Dean Young is kind of like the Rupert Pupkin of "surrealism," that is, quintessentially American in his funny-not-funny psychotic patter. Of course, these poems are self-aware in a way that Rupert's confessional jokes can't be, and they are far more skeptical (though perhaps no less obsessive) in their project than Pupkin's ambitions. But where the cardboard interlocutors on the pretend King of Comedy's set are just creepy, in the context of Young's hurtling interrogations, the fact that any pain can actually be flattened and represented is a source of relief. Or: Rupert Pupkin's non sequiturs drop you through trap doors into the dark airlessness of his subconscious; Young's / Young's personae, their non sequiturs are exit ramps out of the traffic jam of nonsense that the world would have us take as our actuality.
As I'm making my way through Young chronologically, it occurs to me that 2 things are happening: 1. the influence of the French surrealists is becoming more prominent, and 2. Young's letting his crazy flag fly. And you know how much I love both the surrealists and a crazy flag. So I'm enjoying this romp. Here are some of my faves:
"clouds that seem like nothing until the pilot hits one."
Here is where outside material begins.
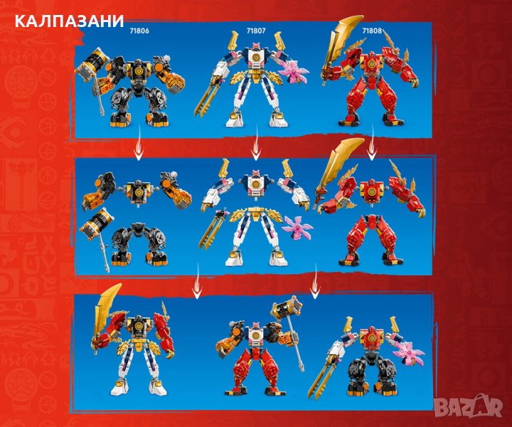 - Постройте собствен робот – феновете на играчките с нинджи могат да се насладят на часове творческо забавление, докато комбинират части от екшън фигурите (комплектите се продават отделно), за да създадат собствена фигура на робот

"My mother tried to be nice to me but she had to lock me in my room."
"Her sister has a hatchet in her forehead it seems rude to mention."
"Everyone gets a hurricane name, a moon drunk in a puddle."
"Once I saw a snake with a snake in its mouth."
"Who can sell my teeth to the teeth museum?"
"Even if you're looking at it through cage bars and all you have to play with is an empty bleach jug."
Really delightful book, language filled with whimsy and irony, strange and disjointed images all stacking together, many through the use of simile, creating poems with emotional punch. That emotion so often relates to the human condition--life and death, love and its loss, parents and children. Some of the poems work better for me than others, but all of them create a delightful music that is wonderful to read.
Though I'm lost at some points, Young's poetry always pulls me back in with a turn of phrase or a crystalline image of pure truth. Cheesy, I know, but his images are beautiful if you can wade through some of the detritus of craft. (all very necessary, though)
His poetry is contemporary -- incredible images, wonderful words, raw and funny all the same time. And you don't even have to understand the meaning to know that it's terrific!